Senior Software Engineer, hmmh

Voice Interfaces – Looking to the Future - 10. December 2018
Voice Interfaces – The three biggest challenges - 16. November 2018
Voice Interfaces – The Here and Now - 29. October 2018
Voice Interfaces – A Trend with History - 19. October 2018
Fundamentals for programming Amazon Echo Show - 28. July 2017

As with every trend, many see voice interfaces as a magic bullet. Yet their application is not relevant to every situation. So, for which services do they offer a genuine incremental value? What characterises a good dialogue and how do we guarantee that a customer’s data is handled securely? Let us show you what you should be paying attention to.

In theory, voice interfaces should be perfectly integrated into our everyday lives. We are accustomed to packing information into language and expressing our wishes verbally. However, this is not our only means of communicating information. Information is also passed on non-verbally, often through gestures, mimicry and tone. In online chats, we attempt to balance out the scant possibilities of non-verbal communication with the help of numerous emojis. When describing superlatives, most of us will turn to wild gesticulation. For example, we use sweeping gestures to explain the size or width of something. If we see something extraordinary and want to describe it, as with a phone call, email or letter, we can only do so verbally; this often feels limiting and explains why we gladly rely on sending pictures. With countless gadgets available online, when we come across a great one and tell a friend about it, we tend to enumerate only a few of its attributes. We do so not only because we are limited with our time, but also because we know that our counterparts might find different features exciting. Our experience tells us that it is much better to simply send friends a link to the product so that they can see for themselves what they like most about the gadget.

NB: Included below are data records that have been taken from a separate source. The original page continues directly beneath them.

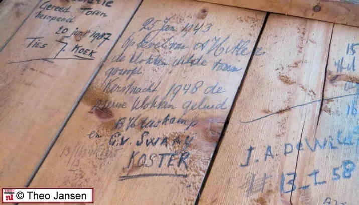 Op de oude klokkenkastdeur werden in het verleden meerdere teksten geschreven zoals: “25 januari 1943 op bevel van Adolf Hitler de klokken uit de toren geroofd” en “Kerstnacht 1948 de nieuwe klokken geluid, door L. Kluiskamp en G.V. Swaay - koster.”
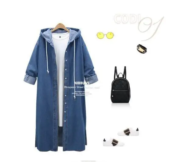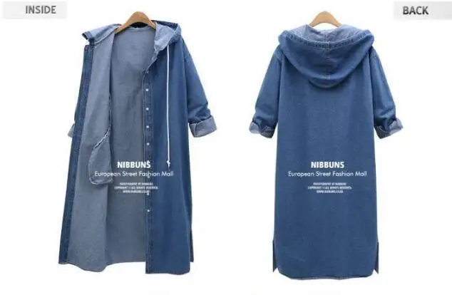 2019 Новая женская джинсовая куртка в европейском и американском стиле с капюшоном и длинными рукавами однобортная Длинная женская куртка-ветровка, пальто
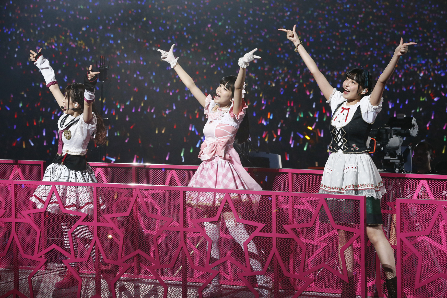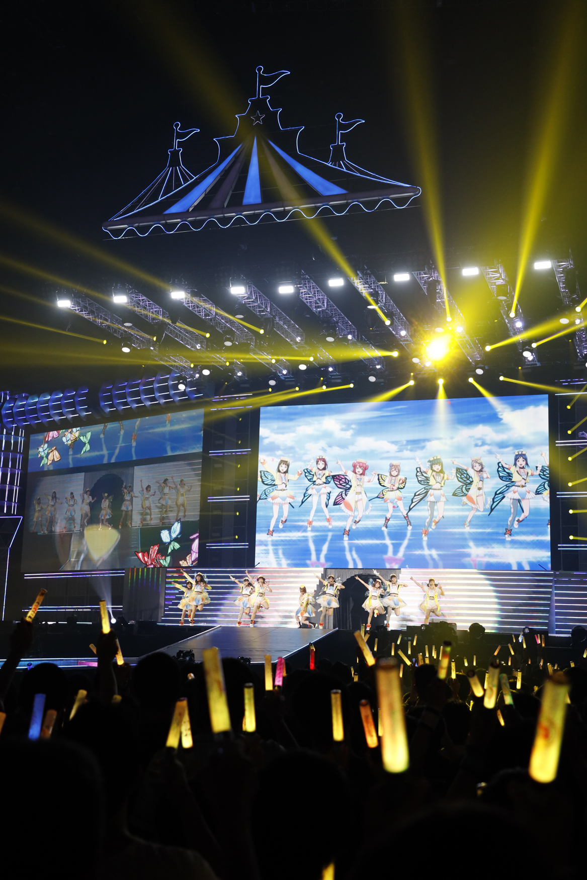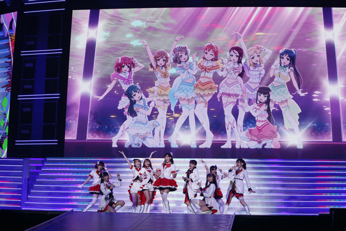 劇場版『ラブライブ!サンシャイン!!』でも、未来への新たな旅立ちを力強く歌って物語を盛り上げたナンバーだけに、曲中のシャウトでは客席も積極的に声を上げて合わせていく。そして間奏では「いくぞ、さいたまスーパーアリーナ!」のかけ声と共に熱いコール&レスポンスを交わしていく。そしてラストは中央ステージで見事なダンスを決め、フェスの折り返しとなるステージを熱く盛り上げた。

Verbal communication in everyday life reflects verbal communication with voice interfaces. Not every application has the potential to generate added value through the use of a voice interface. An example of this is Amazon Alexa’s Skill Store. There are a lot of so-called ‘useless skills’, poorly rated skills that nobody uses. Voice interface skills are the equivalent to apps in the mobile world. But what characterises these useless skills? They have no incremental value for the user. Either they are simply not designed for voice interfaces or they are not well designed for dialogues and thus cause user frustration. But why is that? What can be done better and how can useless skills be avoided

Find a meaningful application

We often use everyday phrases like “Can you just…?”, “I need a quick…” or “What was that again…?”. This is especially true when we are short on time or have our hands full. Especially in these situations, we do not have the opportunity to sit in front of a computer or to get our mobile phones out. And this is exactly where the ideal scenarios for practical voice interface usage are found.
It is possible to provide all kinds of information, from the control of connected systems such as smart homes, or the use of services such as rental car bookings. All ‘hands free’ scenarios are also predestined for voice interfaces. From the mechatronics engineer who is working on an engine with oily hands and needs some info on a spare part, to the amateur cook who wants to know the next step of a recipe while kneading dough.
In such situations, software serves to make our everyday lives easier and more pleasant. And that’s exactly what counts when using voice interfaces. It’s a question of short questions, logical support and fast results. Pragmatism is key. It is therefore important to consider exactly which service or application you want to offer with a voice interface and whether it will really help the user in their private or professional life.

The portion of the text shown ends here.